Auf fordernde Bedingungen ist auch das Germany SailGP Team by Deutsche Bank eingerichtet. Steuermann Erik Kosegarten-Heil und sein Team liegen zu Beginn der zweiten SailGP-Saisonhalbzeit auf Tabellenplatz elf. Nach dem historisch größten Strafpunktgewitter in Folge von Trainingskollisionen im Februar in Sydney hat sich das GER-SailGP-Team berappelt und die Minuszone verlassen. Hier geht es zu den Saisonzwischenständen.
Jetzt will die Mannschaft "risikomotivierter" in den Portsmouth-Gipfel starten. Erik Kosegarten-Heil erklärt: „Die Mentalität geht in Richtung Top-Drei oder eben letzte Drei. Es ist schwieriger für uns, sich aus dem Mittelfeld durchzuwurschteln.” Schwarz-Rot-Gold ringt als einer der jüngsten Teamneuzugänge weiter um mehr Erfahrung.

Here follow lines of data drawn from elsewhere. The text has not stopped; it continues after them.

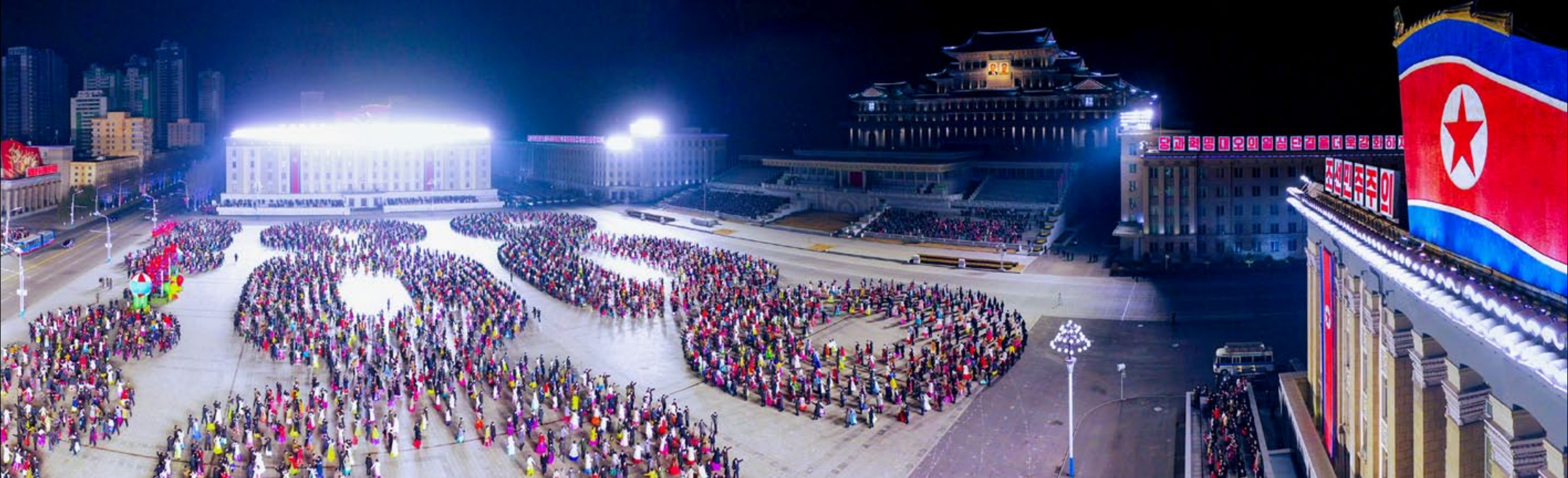
На Площади им. Ким Ир Сена устроен вечер молодежи и учащихся в честь Дня Звезды.
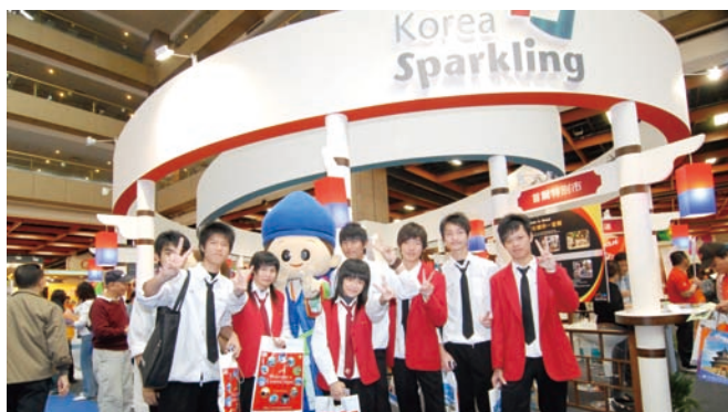
2007年ITF會場上韓國展攤表現亮眼，吸引大批民衆參觀

今年韓國觀光公社與韓國各相關單位組成26個展攤，於台北國際旅展現場，強力推廣韓國的旅遊魅力，展覽內容豐富多元，極具特色。
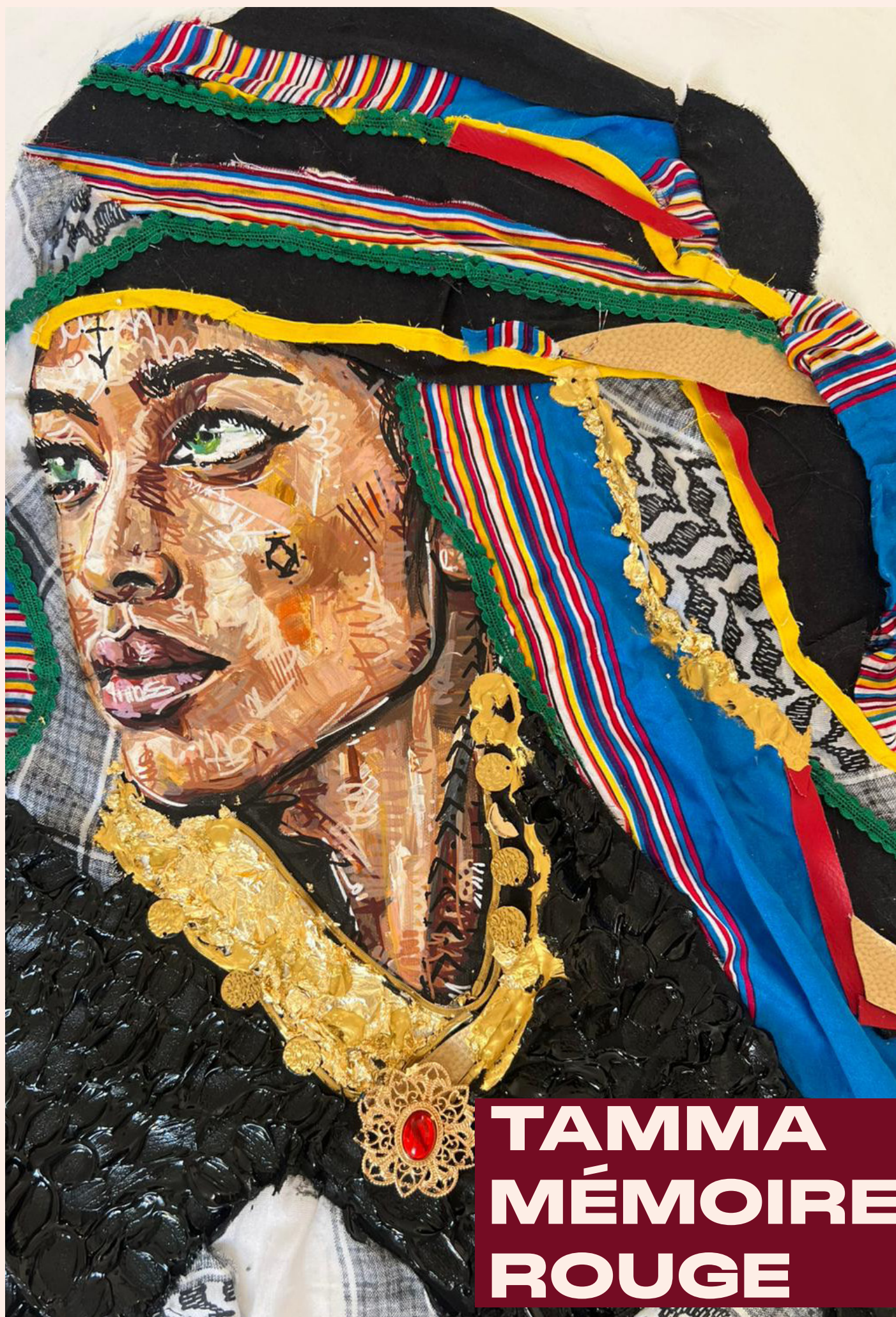
Peinture acrylique, collage tissus, feuille dorée et posca, 2026, 60 cm x 50 cm
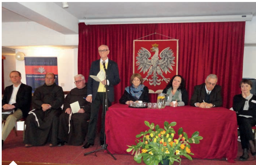
Prelegenci Konferencji Kwietniowej PUNO 12-13.04.2014

wadził Zakład Psychologii Stosowanej PUNO. Rozpoczęto kolejną edycję studiów z zakresu Seksuologii Społecznej oraz nowe studia na kierunku Coaching.
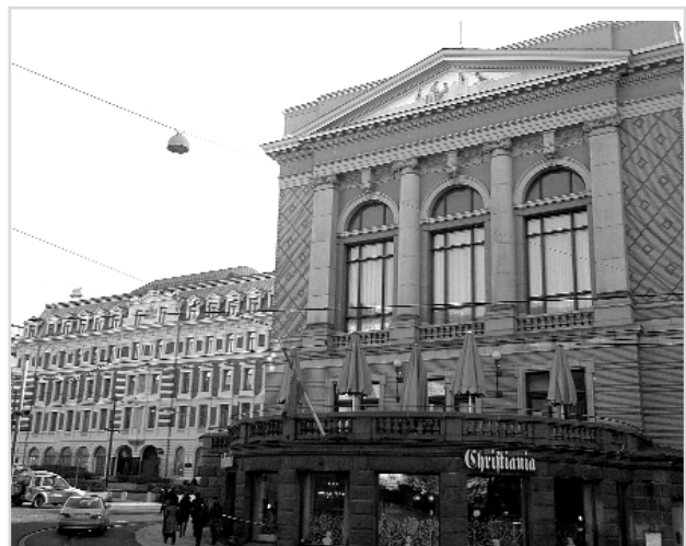
Осло – столиця Королівства Норвегія
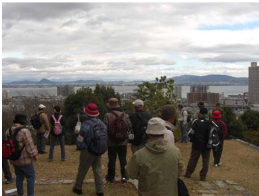
街道再発見ウォーキング
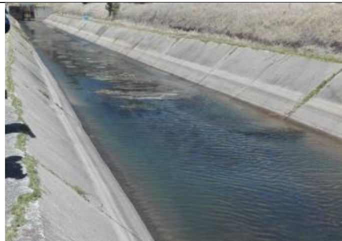
Foto 4. Estado del Canal Abierto.
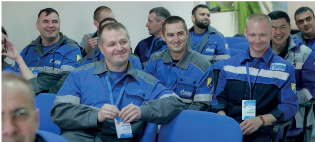
Участники конкурса «Лучший специалист по охране труда»

и организаторы, и сами участники, во многом задания были похожи на их обычную рабочую деятельность — конкурс был «жизненным». Например, машинистам экскаватора нужно было заезжать на трал, рыть траншеи и ездить под линиями электропередачи.
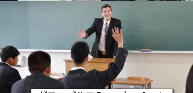
グローバルコミュニケーション
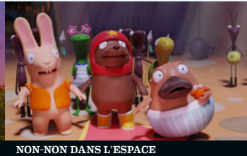
NON-NON DANS L'ESPACE
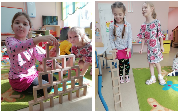
Летаем на самолете (сюжетно-ролевая игра).

Мы покоряем разные высоты. Сегодня мы строим высокую башню. Играем « У кого выше».
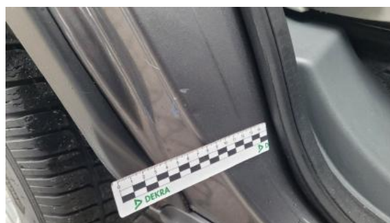
Fot. 36 Błotnik tylny prawy/ściana boczna prawa (Rysa/Odprysk)
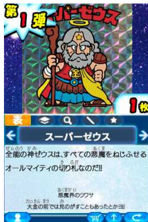
シールの表面はもちろん、裏面とプロフィールテキストも完全再現
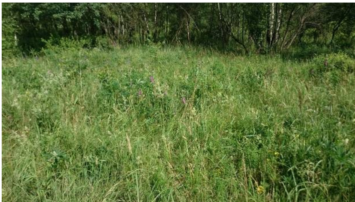
Plocha 3 s mečíkem
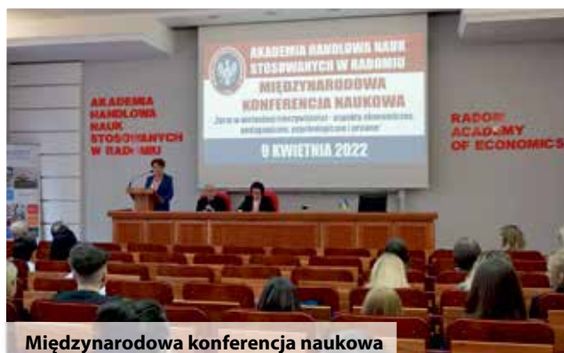
Międzynarodowa konferencja naukowa

Kampus przy ul. Traugutta 61a to siedziba Wydziału Nauk Społecznych i Wydziału Prawa i Administracji. Znajdują się tu Auditorium Primum, aule wykładowe, sale ćwiczeniowe, pracownia komputerowa, a także profesjonalne laboratorium kryminalistyczne oraz strzelnica.
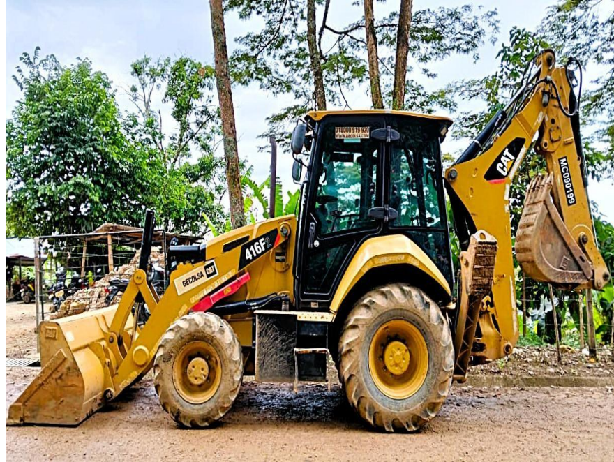
Fotografía No. 3 Vista Lateral
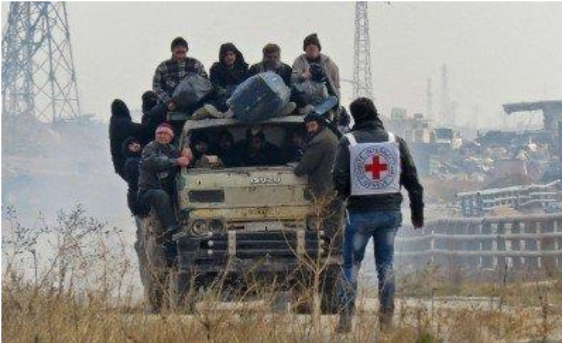
Από την εκκένωση του Χαλεπίου, Δεκέμβρης '16

πληθυσμού. Η δομική ανάγκη του συστήματος για αυξανόμενους ρυθμούς κερδοφορίας ανατροφοδοτεί τον φαύλο κύκλο της υπερκατανάλωσης και της υπερπαραγωγής. Κανείς, μέχρι στιγμής τουλάχιστον, δεν μπορεί να προβλέψει το μέλλον, αν όμως δεν πετύχουμε την καταστροφή της υπάρχουσας κοινωνικοπολιτικής και οικονομικής οργάνωσης, το πιο πιθανό είναι ότι το χρώμα του θα είναι αυτό του αίματος αναμειγμένου με στάχτες.
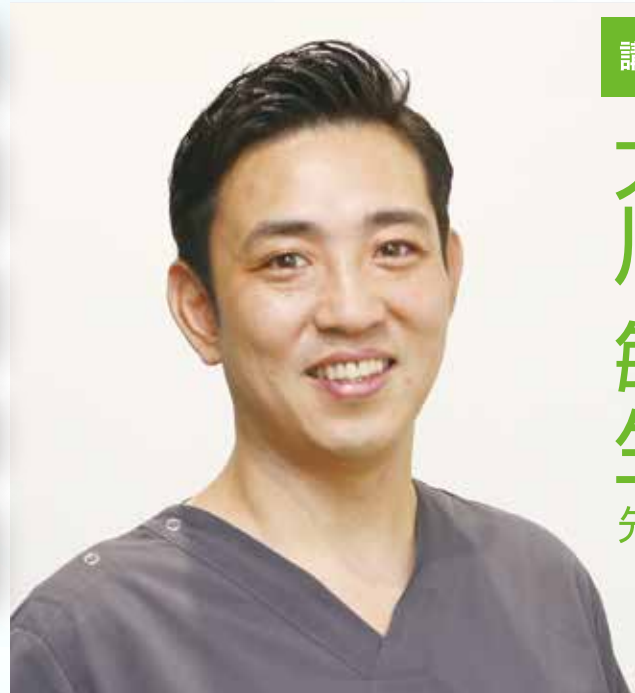
大川歯科医院 院長 JIADS ペリオコース常任講師
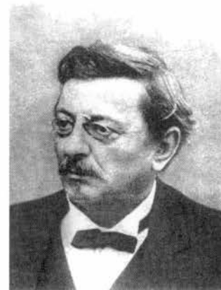
Fig. 3. Eduardo L. Holmberg (1852-1937).
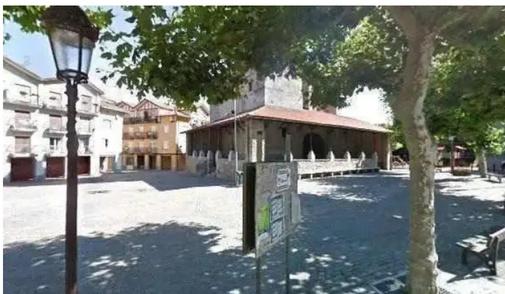
Mikel deunaren elizaiglesia de san miguel iglesia catolica
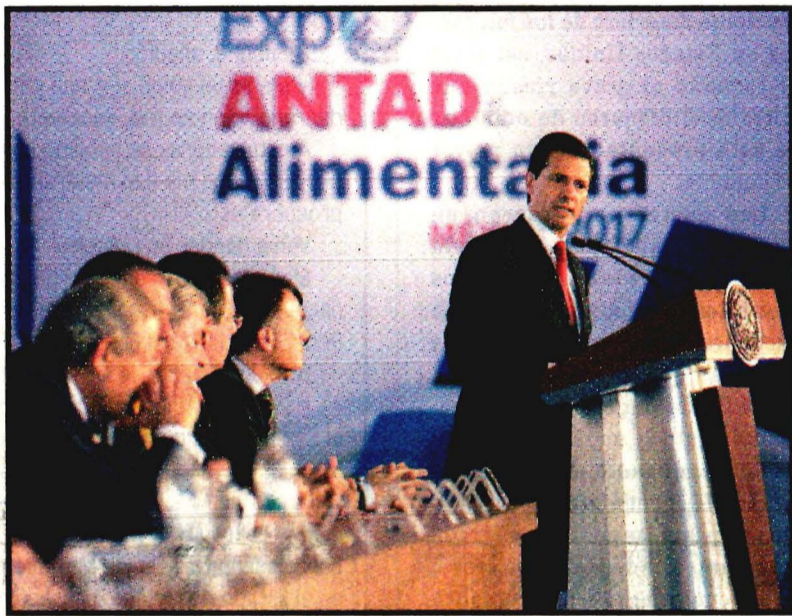
GUADALAJARA, Jal.- Enrique Peña Nieto. Inauguración de la Expo ANTAD y Alimentaria 2017.

“Mi punto es que arreglar el TLC, no va a generar cargas para México. Habrá buenos aspectos que saldrán y estamos tratando de corregir el beneficio marginal para Estados Unidos, corregir algunos defectos originales e incluso crear nuevas oportunidades para los negocios estadounidenses y reducir nuestro déficit comercial”, detalló.
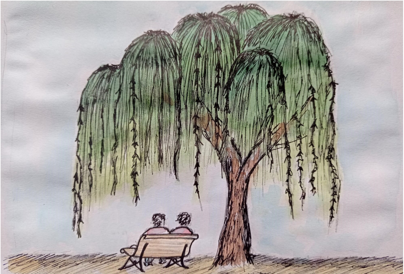
«Bajo el sauce», Julia Gaya (2022).

vida, que no somos dueños absolutos de nuestra vida, ni de la de nadie, sino más bien custodios, custodios de la vida, porque la vida es un don.
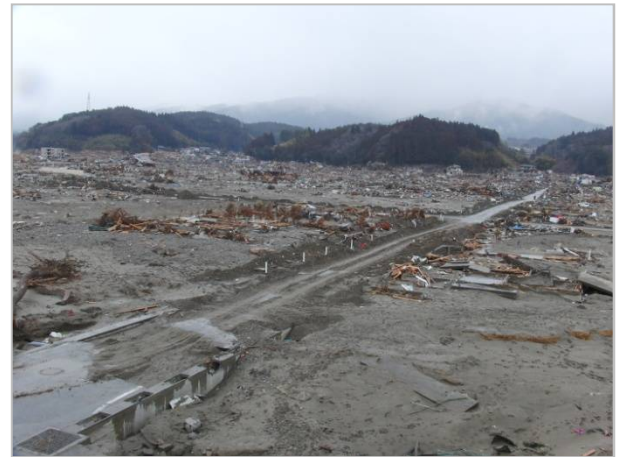
津波により被災した陸前高田市街

Auszugleichen hat der deutsche Rennstall in Portsmouth möglicherweise die Bandverletzung von Anna Barth an der linken Hand. Sollte es in England Leichtwindbedingungen geben und die Strategin in der nur dann notwendigen kleinsten Crew-Konstellation von vier Akteuren an den Kurbeln gefordert sein, müsste sie ersetzt werden.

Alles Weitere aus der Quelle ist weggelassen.